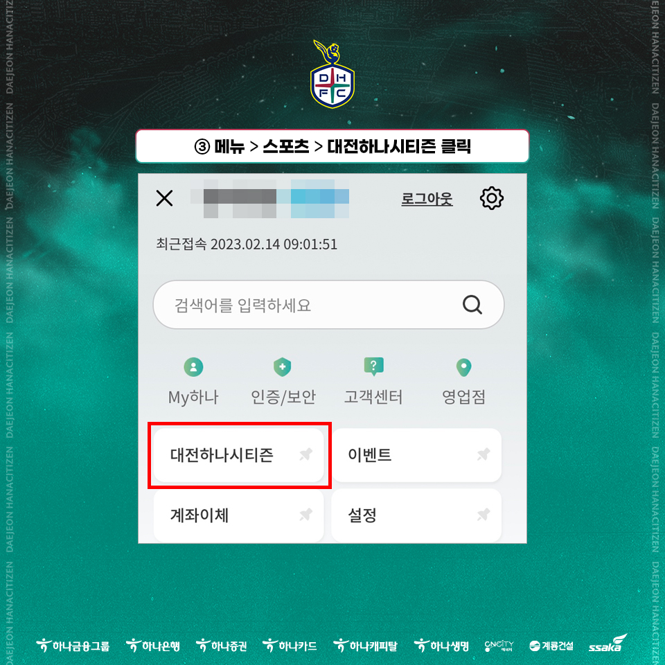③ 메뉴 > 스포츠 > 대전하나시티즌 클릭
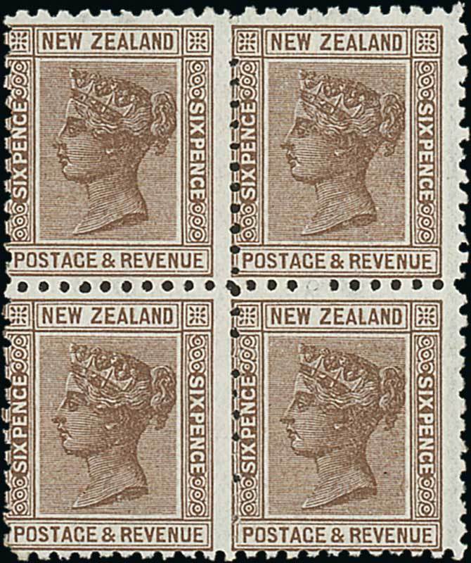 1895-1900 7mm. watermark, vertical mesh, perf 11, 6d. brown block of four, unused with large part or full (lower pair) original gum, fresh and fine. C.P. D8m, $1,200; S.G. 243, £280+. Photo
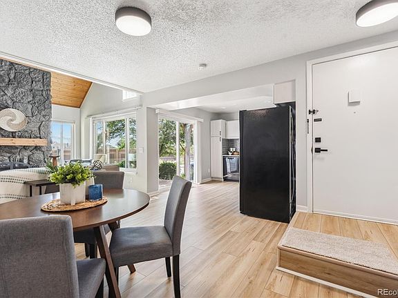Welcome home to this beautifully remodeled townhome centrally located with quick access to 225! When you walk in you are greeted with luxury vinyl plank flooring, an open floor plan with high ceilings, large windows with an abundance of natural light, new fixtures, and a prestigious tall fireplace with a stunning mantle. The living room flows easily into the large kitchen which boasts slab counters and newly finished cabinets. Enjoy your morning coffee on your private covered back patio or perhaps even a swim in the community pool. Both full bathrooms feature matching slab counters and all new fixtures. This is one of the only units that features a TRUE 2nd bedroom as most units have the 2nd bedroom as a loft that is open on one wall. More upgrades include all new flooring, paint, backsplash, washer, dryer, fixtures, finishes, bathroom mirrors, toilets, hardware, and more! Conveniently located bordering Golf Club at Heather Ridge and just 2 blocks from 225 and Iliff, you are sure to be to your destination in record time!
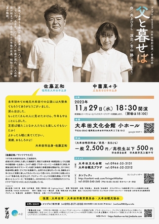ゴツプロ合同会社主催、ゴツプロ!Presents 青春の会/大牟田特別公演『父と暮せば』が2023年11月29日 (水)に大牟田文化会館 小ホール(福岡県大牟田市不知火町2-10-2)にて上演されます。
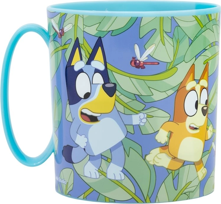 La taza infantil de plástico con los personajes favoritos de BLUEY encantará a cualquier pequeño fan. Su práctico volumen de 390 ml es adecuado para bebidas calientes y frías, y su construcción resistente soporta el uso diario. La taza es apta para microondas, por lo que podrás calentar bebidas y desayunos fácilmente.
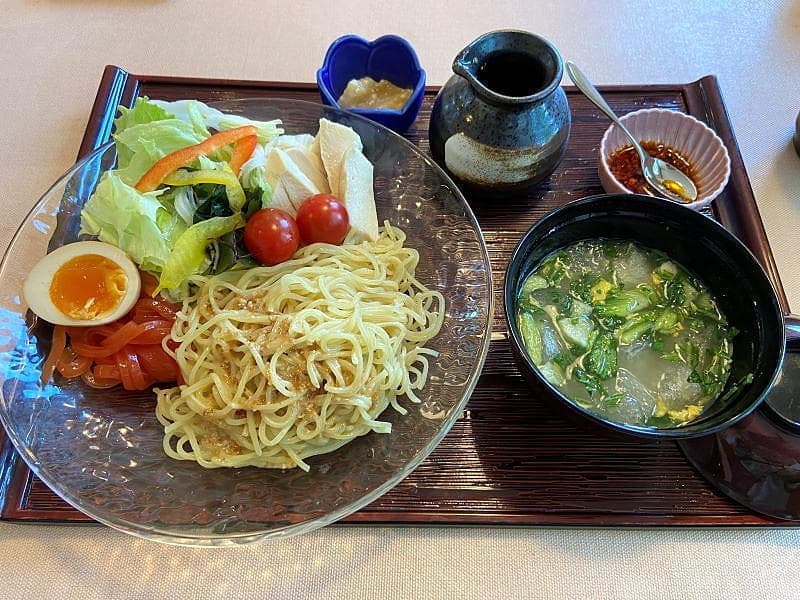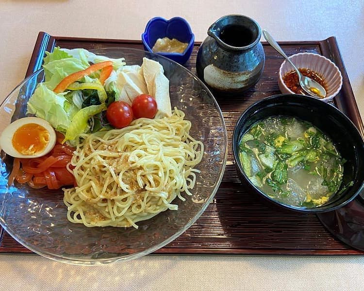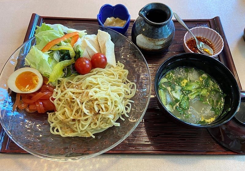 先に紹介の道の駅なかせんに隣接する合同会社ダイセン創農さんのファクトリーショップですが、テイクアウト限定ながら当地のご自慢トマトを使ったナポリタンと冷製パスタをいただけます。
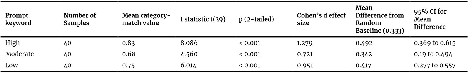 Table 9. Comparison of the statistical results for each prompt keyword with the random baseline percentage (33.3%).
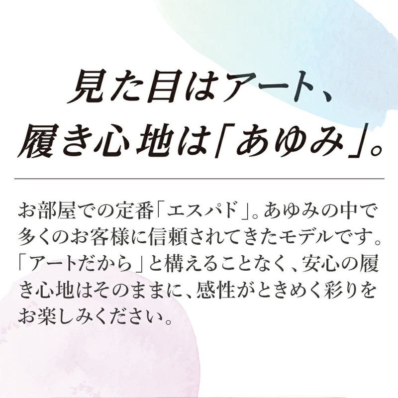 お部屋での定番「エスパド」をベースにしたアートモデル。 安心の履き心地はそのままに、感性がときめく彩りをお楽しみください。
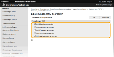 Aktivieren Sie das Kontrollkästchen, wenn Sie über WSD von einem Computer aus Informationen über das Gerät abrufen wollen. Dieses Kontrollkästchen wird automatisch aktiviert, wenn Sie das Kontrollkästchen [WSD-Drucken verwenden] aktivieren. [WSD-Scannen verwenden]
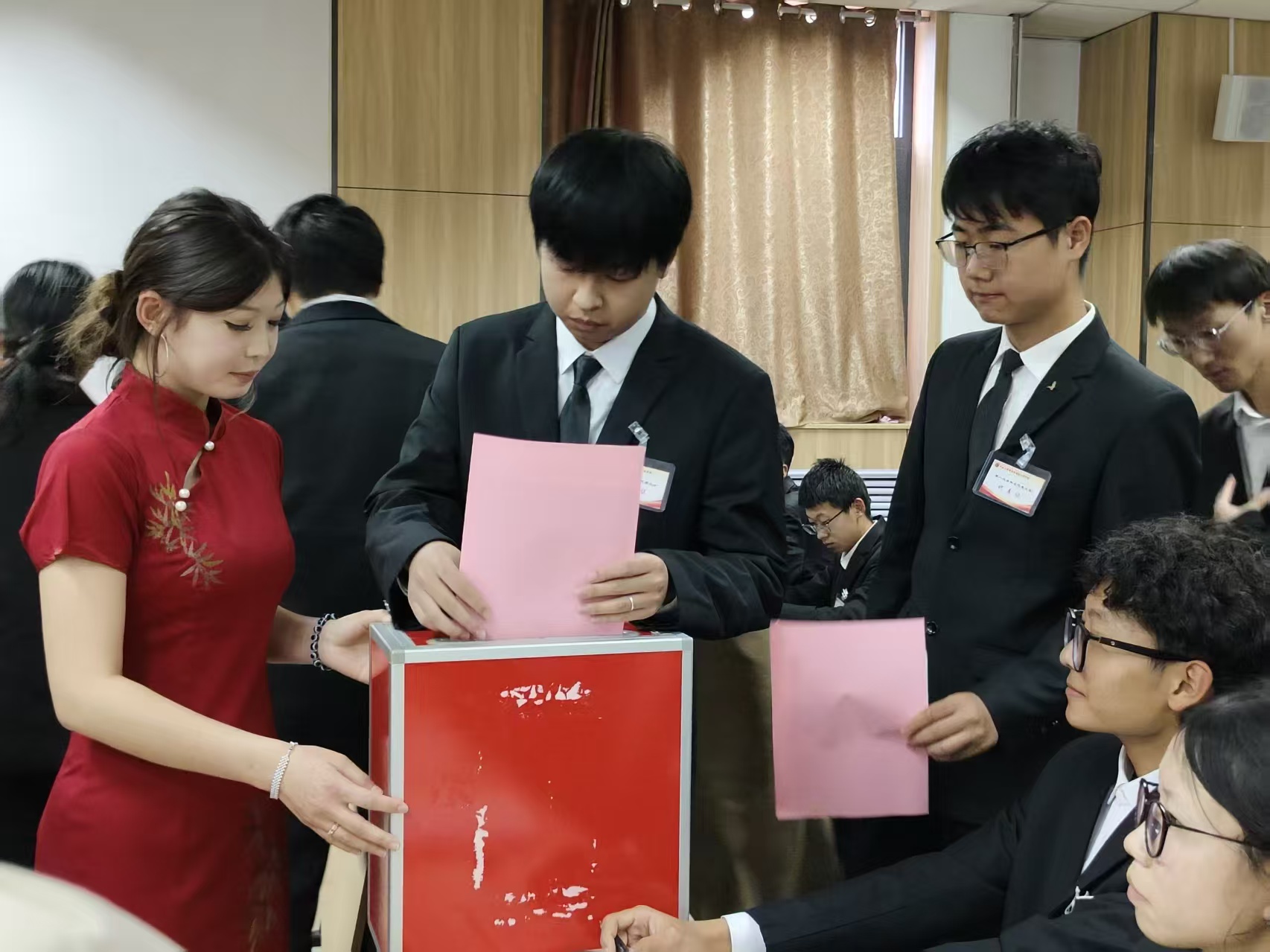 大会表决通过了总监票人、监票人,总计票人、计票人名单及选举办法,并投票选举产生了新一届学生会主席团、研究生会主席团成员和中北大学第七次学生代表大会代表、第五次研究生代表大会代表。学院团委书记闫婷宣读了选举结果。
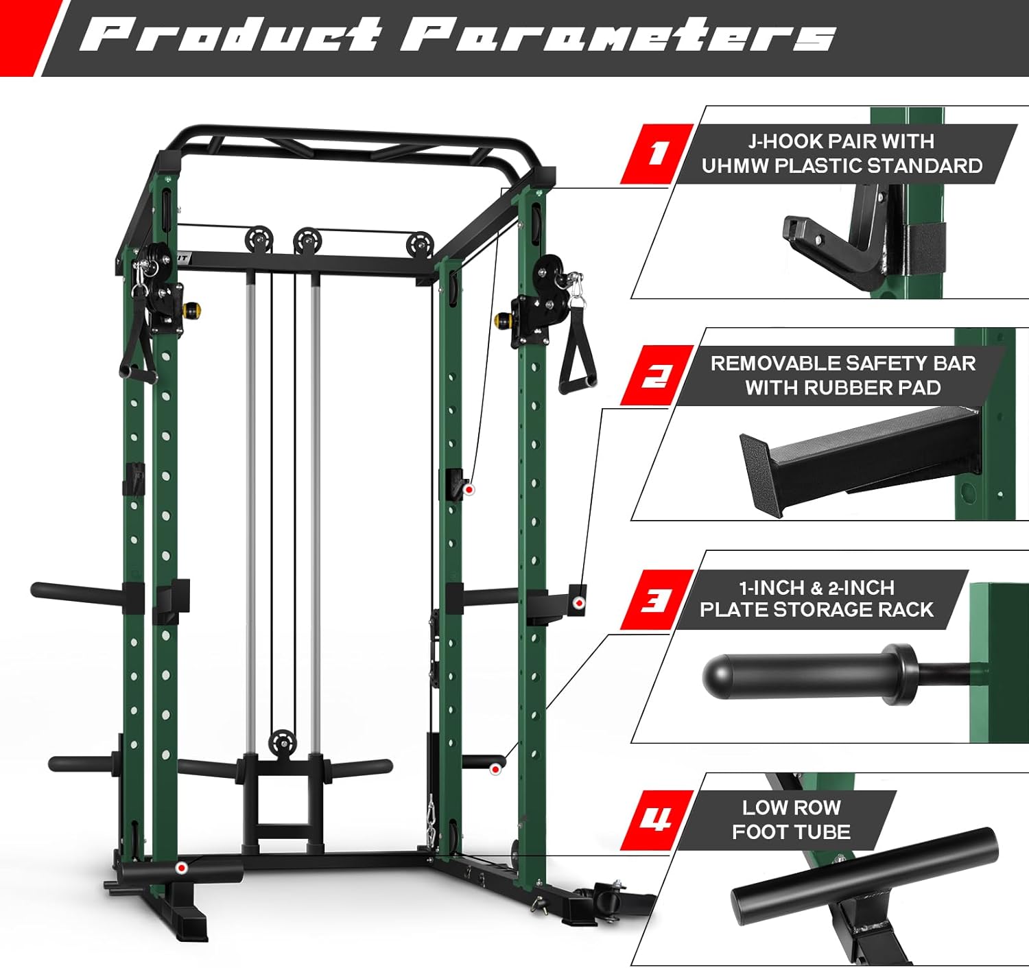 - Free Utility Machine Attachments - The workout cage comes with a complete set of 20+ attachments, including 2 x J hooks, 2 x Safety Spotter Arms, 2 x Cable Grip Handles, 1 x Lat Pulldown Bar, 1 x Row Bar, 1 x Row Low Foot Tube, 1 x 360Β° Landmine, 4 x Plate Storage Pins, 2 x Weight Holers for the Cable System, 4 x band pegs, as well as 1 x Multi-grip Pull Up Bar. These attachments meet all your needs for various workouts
———
» Task item
Give the listing above again in its entirety, exactly as written and free of images.

» Task solution
③ 메뉴 > 스포츠 > 대전하나시티즌 클릭
 1895-1900 7mm. watermark, vertical mesh, perf 11, 6d. brown block of four, unused with large part or full (lower pair) original gum, fresh and fine. C.P. D8m, $1,200; S.G. 243, £280+. Photo
Welcome home to this beautifully remodeled townhome centrally located with quick access to 225! When you walk in you are greeted with luxury vinyl plank flooring, an open floor plan with high ceilings, large windows with an abundance of natural light, new fixtures, and a prestigious tall fireplace with a stunning mantle. The living room flows easily into the large kitchen which boasts slab counters and newly finished cabinets. Enjoy your morning coffee on your private covered back patio or perhaps even a swim in the community pool. Both full bathrooms feature matching slab counters and all new fixtures. This is one of the only units that features a TRUE 2nd bedroom as most units have the 2nd bedroom as a loft that is open on one wall. More upgrades include all new flooring, paint, backsplash, washer, dryer, fixtures, finishes, bathroom mirrors, toilets, hardware, and more! Conveniently located bordering Golf Club at Heather Ridge and just 2 blocks from 225 and Iliff, you are sure to be to your destination in record time!
ゴツプロ合同会社主催、ゴツプロ!Presents 青春の会/大牟田特別公演『父と暮せば』が2023年11月29日 (水)に大牟田文化会館 小ホール(福岡県大牟田市不知火町2-10-2)にて上演されます。
 La taza infantil de plástico con los personajes favoritos de BLUEY encantará a cualquier pequeño fan. Su práctico volumen de 390 ml es adecuado para bebidas calientes y frías, y su construcción resistente soporta el uso diario. La taza es apta para microondas, por lo que podrás calentar bebidas y desayunos fácilmente.
 先に紹介の道の駅なかせんに隣接する合同会社ダイセン創農さんのファクトリーショップですが、テイクアウト限定ながら当地のご自慢トマトを使ったナポリタンと冷製パスタをいただけます。
 Table 9. Comparison of the statistical results for each prompt keyword with the random baseline percentage (33.3%).
 お部屋での定番「エスパド」をベースにしたアートモデル。 安心の履き心地はそのままに、感性がときめく彩りをお楽しみください。
 Aktivieren Sie das Kontrollkästchen, wenn Sie über WSD von einem Computer aus Informationen über das Gerät abrufen wollen. Dieses Kontrollkästchen wird automatisch aktiviert, wenn Sie das Kontrollkästchen [WSD-Drucken verwenden] aktivieren. [WSD-Scannen verwenden]
 大会表决通过了总监票人、监票人,总计票人、计票人名单及选举办法,并投票选举产生了新一届学生会主席团、研究生会主席团成员和中北大学第七次学生代表大会代表、第五次研究生代表大会代表。学院团委书记闫婷宣读了选举结果。
 - Free Utility Machine Attachments - The workout cage comes with a complete set of 20+ attachments, including 2 x J hooks, 2 x Safety Spotter Arms, 2 x Cable Grip Handles, 1 x Lat Pulldown Bar, 1 x Row Bar, 1 x Row Low Foot Tube, 1 x 360Β° Landmine, 4 x Plate Storage Pins, 2 x Weight Holers for the Cable System, 4 x band pegs, as well as 1 x Multi-grip Pull Up Bar. These attachments meet all your needs for various workouts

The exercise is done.